Viral respiratory infections represent the most prominent example of diseases affecting wild great apes that can result from direct or close contact with humans. Due to the resultant high morbidity and mortality among chimpanzees and gorillas, communicable viruses are of major conservation concern (Homsy 1999; Nishida et al. 2003; Woodford et al. 2002). Gastrointestinal parasites are also commonly listed as a threat to primate conservation efforts (Chapman et al. 2005; Woodford et al. 2002). Growing molecular evidence supports that human-gorilla interactions may result in transmission of parasites between humans and non-human primates (e.g., Graczyk et al. 2002; Hasegawa et al. 2014; Nizeyi et al. 1999; Sak et al. 2013, 2014). Several studies have also reported a higher prevalence and species richness of gastrointestinal parasites in non-human primates living in habitats disturbed by humans, suggesting a negative impact of humans on great ape health (Gillespie and Chapman 2006, 2007; Kowalewski et al. 2011; Mbora et al. 2009; Sá et al. 2013).

To shed more light on possible effects of human-gorilla interactions on gorilla parasite communities, using coproscopic methods we studied protist and helminth parasites of wild western lowland gorillas Gorilla gorilla gorilla (Savage and Wyman 1847) in the Dzanga-Sangha Protected Areas, Central African Republic, one of the first sites to have habituated lowland gorillas for both ecotourism and research (Cipolletta 2004). As increased anthropogenic impacts on non-human primate populations may result in general changes in primate parasite communities over time (Nunn and Altizer 2006), we compared the communities of protists and helminths among gorilla groups at different stages of the habituation process. We also took into consideration individual gorilla traits and seasonality, which were previously shown to have an impact on the prevalence of parasites and on the infection intensities of selected helminths (Benavides et al. 2012; Masi et al. 2012). By using coproscopic methods, we are not able to evaluate the epidemiology and zoonotic transmission of parasites in the human-ape interface, but we highlighted the parasites occurring in both humans in contact with gorillas, with a special focus on those with zoonotic potential, which require to be more deeply analysed in follow-up molecular studies using genotyping and subtyping tools.

Material and methods

Study site

The study was conducted in Dzanga-Sangha Protected Areas (DSPA) in the Central African Republic (CAR). Activities in DSPA are directed by the DSPA administration under the collaborative management of the CAR Government and World Wildlife Fund. In 1997, the DSPA launched the Primate Habituation Programme (PHP) with the specific aim of habituating western lowland gorillas for tourism and research (Blom et al. 2004).

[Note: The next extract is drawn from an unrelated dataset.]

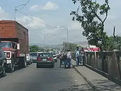 The Simón Bolívar International Bridge (Spanish: Puente Internacional Simón Bolívar) is a 300-metre-long (980 ft) bridge across the Táchira River on the Venezuela–Colombia border, connecting the city of San Antonio del Tachira in Venezuela with the small town of La Parada in Colombia.[1] The first major city in Colombia after the border is Cúcuta.[2]

The study gorilla groups inhabit semi-deciduous forest interspersed by natural clearings, locally called ‘bais’. The climate is characterized by marked seasonal variation (Cipolletta 2004), with dry (November–March) and wet (April–October) months (Shutt et al. 2014). Human population density is low, estimated at one person per square kilometre, with the greatest concentration (60% of people) located in the village of Bayanga (Blom et al. 2004; Remis and Robinson 2012). Sampling was carried out around two permanent PHP research camps: Bai Hokou (2° 50′ N, 16° 28′ E) and Mongambe (2° 55′ N, 16° 23′ E).

Gorilla groups

We studied several groups of western lowland gorillas (Gorilla gorilla gorilla) at different habituation stages (i) fully habituated (Makumba, Mayele), (ii) under habituation (Mata, Wonga) and (iii) unhabituated. The Makumba group, ranging in the surroundings of Bai Hokou research camp, has been followed since 2000 and opened to tourists in September 2004; the Mayele group, ranging near Mongambe research camp, has been followed since 2005 and was opened to tourists at the end of 2009. Both groups are followed daily by habituation teams and intermittently visited by tourists and film crews. Habituation of the Mata group at Bai Hokou and Wonga in Mongambe started in 2008; the group was not fully habituated at the time of sample collection. Samples were also collected opportunistically from 14 other unhabituated groups and 6 lonely males.

Sample collection

We collected samples in two periods: long-term investigation (yearly) during November and December from 2007 to 2010 (but no samples in 2008) from all groups (however, no samples from unhabituated groups and groups under habituation were collected in 2007) and 1-year intensive investigation (monthly) from November 2010 to October 2011, which individually identified samples from habituated groups (Makumba, Mayele) used for statistics and the Mata group and unhabituated groups for coproscopy. We collected 2 g of fresh faeces and fixed it in 4% formaldehyde immediately. For Makumba (during both sampling periods) and Mayele (intensive investigation) groups, we collected samples immediately after defecation from identified group members during focal follows. For unhabituated groups and groups under habituation and Mayele (long-term investigation), we collected fresh faecal samples from night nests early in the morning (within 3 h from the time we suspected the gorillas had left the nests) and each sample corresponding to a different but unidentified individual. We implemented modified Harada-Mori faecal cultures (Hasegawa 2009) to develop infectious L3 larvae from fresh faeces to enable identification of strongylid nematodes. We fixed developed L3 larvae into 4% formaldehyde for morphological examination. We collected samples non-invasively, adhering to site regulations regarding proximity and other behavioural rules.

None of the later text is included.